Опубликовано в журнале НЛО, номер 2, 2009
СТРОФИЧЕСКАЯ ДРАМАТУРГИЯ:
КАТАРСИС ОТКЛАДЫВАЕТСЯ50
В разгоревшихся в Интернете бурных дискуссиях о стихотворении Виталия Пуханова “В Ленинграде, на рассвете…” предметом обсуждения, в частности, стала семантика использованного Пухановым стихотворного размера — 4-ст. хорея. Однако никто не обратил внимания на то, что Пуханов одновременно работает с несколькими семантическими традициями этого метра и, более того, что в стихотворении они вступают в прямой конфликт, который во многом и определяет “скрытую драматургию” происходящего. Эта “драматургия” заключается в том, что разные традиции, стоящие за 4-ст. хореем, определяют разные модальности высказывания и эти модальности в стихотворении “подсвечивают” одна другую — а иногда и сталкиваются в противостоянии, заливая сцену словно бы двойным, контрастным светом.

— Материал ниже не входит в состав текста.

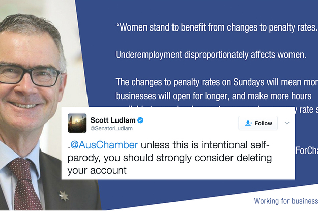 .@AusChamber Happy International Women's Day from the people who want to cut our pay. The same ppl who DO NOT work weekends. Bravo. #fail

Разные семантические традиции 4-ст. хорея проявляются в стихотворении Пуханова 1) прежде всего через строфику, которая значимо меняется на протяжении стихотворения несколько раз, 2) через характерную грамматику и композицию каждой строфы, отсылающие к определенным традициям, 3) через лексику, то есть с помощью слов, находящихся в рифмующей позиции и/или имеющих определенные семантические коннотации.

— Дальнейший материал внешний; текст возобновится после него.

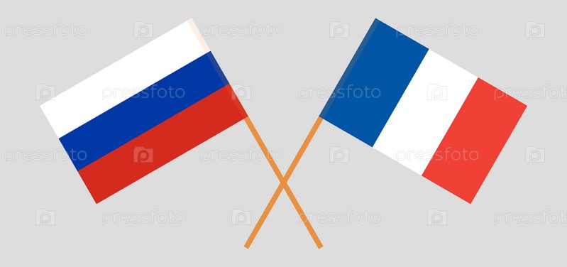 Скрещенные флаги России и Франции. Официальные цвета, корректные пропорции

Конфликт разных семантических традиций и, соответственно, разных модальностей начинается с первой же строфы:
В Ленинграде, на рассвете,
На Марата, в сорок третьем
Кто-то съел тарелку щей
И нарушил ход вещей.
Строфика AAbb 4-ст. хорея в современной русской поэзии довольно четко “закреплена” за стихотворениями для детей — этот семантический ореол начал складываться еще в XIX веке: таким размером написаны сказки А.С. Пушкина (“Сказка о царе Салтане”, “Сказка о мертвой царевне и семи богатырях”, “Сказка о золотом петушке”51), а затем и “Конек-Горбунок” П.П. Ершова52; кажется, первое в русской поэзии употребление этой строфики со “сказочной” семантикой — стихотворение В.А. Жуковского “Пред судилище Миноса” (1815). В ХХ веке 4-ст. хорей, в том числе и с такой строфикой, стал общеупотребительным размером советской детской поэзии — у К. Чуковского, С. Маршака, А. Барто, С. Михалкова (“А что у вас?”, или, в переводе из Льва Квитко, — “Анна Ванна, наш отряд…” [“Анна Ванна — бригадир”]). Несомненно, первоначально у Пуханова идет отсылка именно к этой традиции, и не только на уровне строфики, но и на уровне лексики и грамматических структур. Точное указание на место действия, вплоть до названия улицы, — характерная примета известнейших детских стихов, ср. начало “Дяди Степы” Михалкова: “В доме восемь дробь один / У Заставы Ильича…”, или у Маршака: “Жил человек рассеянный / На улице Бассейной” (“Вот какой рассеянный!”). Кроме того, первая строка стихотворения Пуханова недвусмысленно отсылает к “Мойдодыру” Чуковского — “Рано утром на рассвете / Умываются мышата…” (правда, и у Михалкова в “Дяде Степе”, и у Чуковского — другая строфика). В дальнейшем эта традиция детской поэзии поддерживается у Пуханова еще и употреблением обобщенного “мы” в речи милиционеров, которые провозглашают общеобязательную норму поведения (“Мы здесь мяса не едим”) — как и во многих детских стихотворениях советской эпохи, включая и “Мойдодыра”, в котором речь главного героя— умывальника звучит как укор нарушителю общих правил (“Ты один не умывался…”). В строке “Вы нарушили режим” лексика отчетливо напоминает то ли дежурного по пионерскому лагерю, то ли все ту же “Анну Ванну”: напомню, героиня стихотворения Квитко—Михалкова отказывается показывать пионерам поросят, которые “спят давно”. Эта стилизация советской детской поэзии вступает в явное противоречие с трагическим содержанием стихотворения.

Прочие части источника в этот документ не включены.